Healthy carrots, lettuce, tomatoes, pumpkin, sweet potato, onions and cabbage … not quite the crops you would expect to find in a harsh, rain-starved desert landscape.
Yet, unlikely as it seems, that is just what community gardeners are achieving in Carolusberg, a small town in South Africa’s economically depressed Namaqualand region.
"The wonderful people working on this project are an inspiration to me," says Tessa Mildenhall of Conservation International’s Southern Africa Hotspots Programme. "They work in difficult conditions yet they continue to persevere in their attempts to nurture this garden in the same way that they nurture the youth, the old, the sick and nature."

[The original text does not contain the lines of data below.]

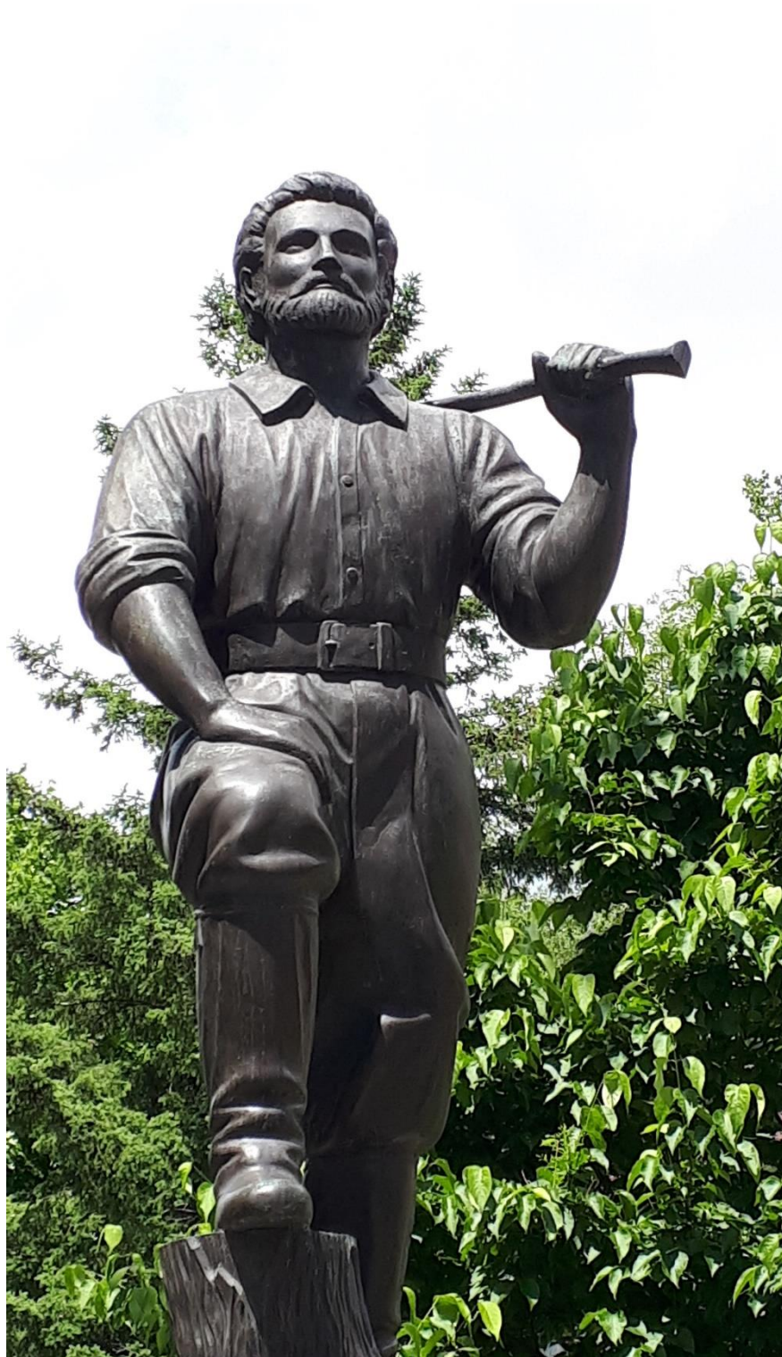
Monument représentant Guillaume Couture Situé près de l'église Saint-Joseph (Lévis)
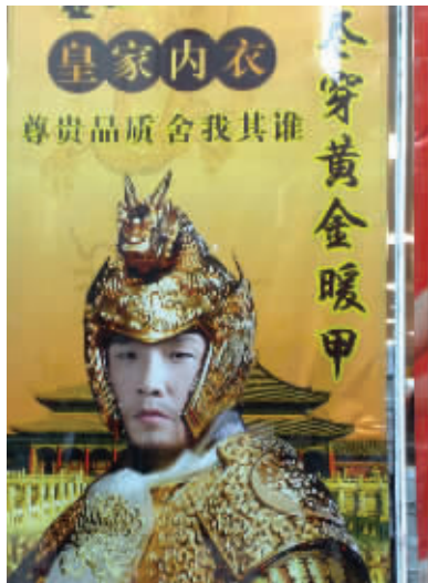
山寨的周董,山寨的内衣
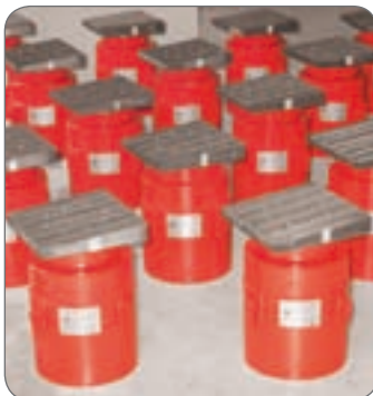
Serie CSE 1000/200 GS cilindri ritorno sotto carico con piastra inclinata per livellamento sezione di ponte.
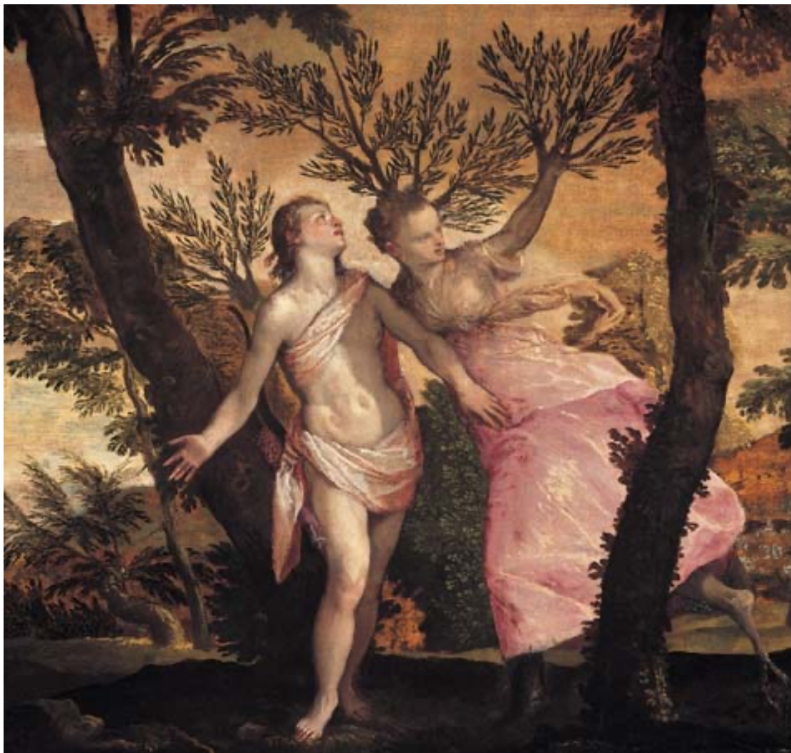
Apollo e Dafne (il Veronese)
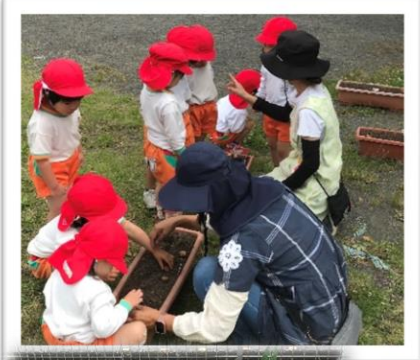
↑グラジオラスの球根を植えたよ （全園児）
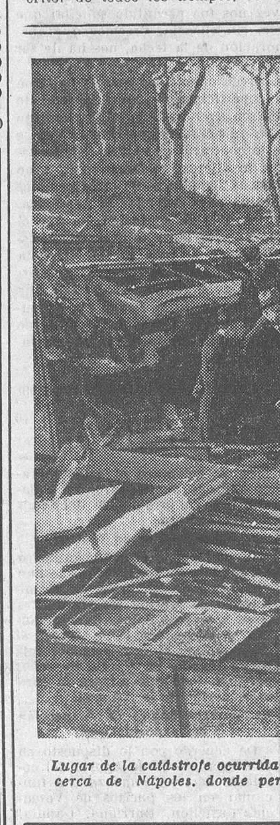
Lugar de la catástrofe ocurrida en la línea férrea Tel Vesubio, cerca de Nápoles, donde perdieron la vida siete personas

EXPLORE: Check out CI's African Hotspots
More than a Garden
It doesn’t end there. Apart from the fresh produce it provides, the "Garden of Hope" provides food parcels for the town’s ill and old, and sustains a weekly soup day for the local school children. Supermarkets such as Spar in nearby Springbok, the "capital" of Namaqualand, are also partnering with the project, providing supplementary soup bones and bread.
The garden, supported in part by the Skeppies partnership, was founded in 1999 by the women of Carolusberg shortly after the local copper mines closed. In its first decade, the garden has expanded into a sustainable business providing a stable income to permanent employees and food relief to the entire community.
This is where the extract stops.